Tuesday, December 04, 2007

woozy doggie!

On my couch lies a very stoned dog! I took him to the vet's this morning to have one of his molars removed and just picked him up. The tooth came out alright and should heal up very quickly, but right now he's still a bit woozy from the anesthetic. Poor thing! He looks so dopey!

2nd physio session this morning indicates that my trap muscle isn't working correctly - either a result of nerve damage or simply being damaged itself. It's not holding up the shoulder properly which is contributing to the lopsidedness of my shoulders. I decided not to take pain killers last night and regretted it today - I discovered how many different parts of my shoulder and neck are sore!! Ouch. The good thing is that my physiotherapist says that by the end of next week, provided I progress well in healing, I should be able to be back at the gym doing at least shadow boxing and lower body work. Yeah!!

I think I need a new job. The concept of "positive reinforcement" is lost at my place of work. Every time I get called into my boss's office, I feel like I'm going to catch shit. This new position is not fun for me, nor for him by the looks of it, so I think I may have to go back to research. It will take me out of harms way, make me one of the pack again (it's true - there are safety in numbers), and allow me to go back to getting work done and not stuck in meetings all the time. I thought this could work, but I don't think the environment is right. I actually think I was set up to fail in a number of ways. Maybe not consciously, not deliberately, but the environment is wrong, not supportive, too insecure. So maybe it's time for a change back to research, back to my roots, followed by a search, later on, for something different. I don't know. We'll know more after tomorrow's meeting.

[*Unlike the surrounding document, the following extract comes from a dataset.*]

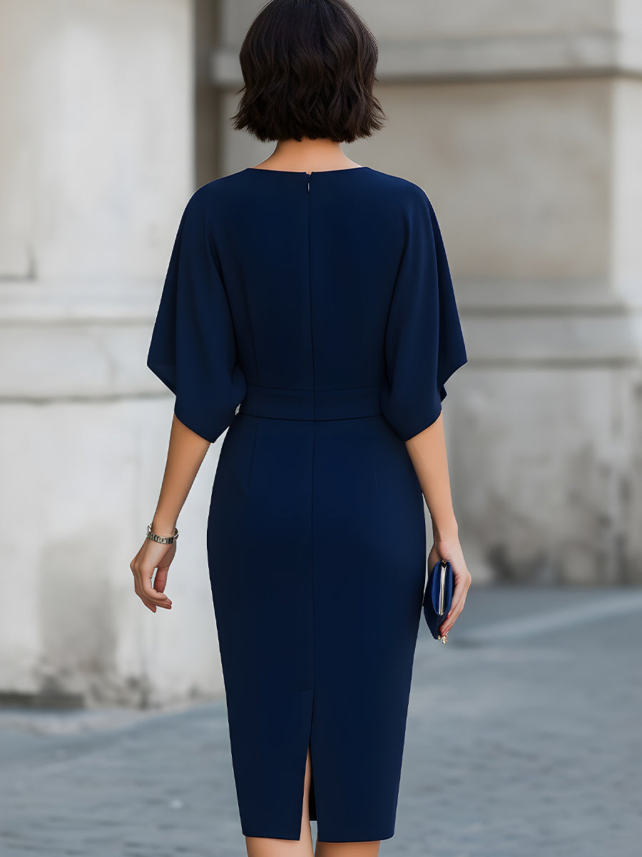 Elegant Navy Blue Batwing Sleeve Midi Sheath Dress

I'm bored, anxious, fidgety. I'm not used to being home in the evenings, unable to go to the gym. It sucks!! The gym is like a 2nd home to me (sometimes it feels like a first home!) and not being able to train is driving me insane! Or maybe it's just being stuck at home, injured, fed up with work, eager to leave for Thailand. I'll go google Thailand and then check out Carrie's blog some more to keep me on the happy track to leaving for the warm climes of Asia.

1 comment:

Anonymous said...

Thailand represent! I hope your puppy is feeling better. I know what you mean about getting squirrelly when you don't train.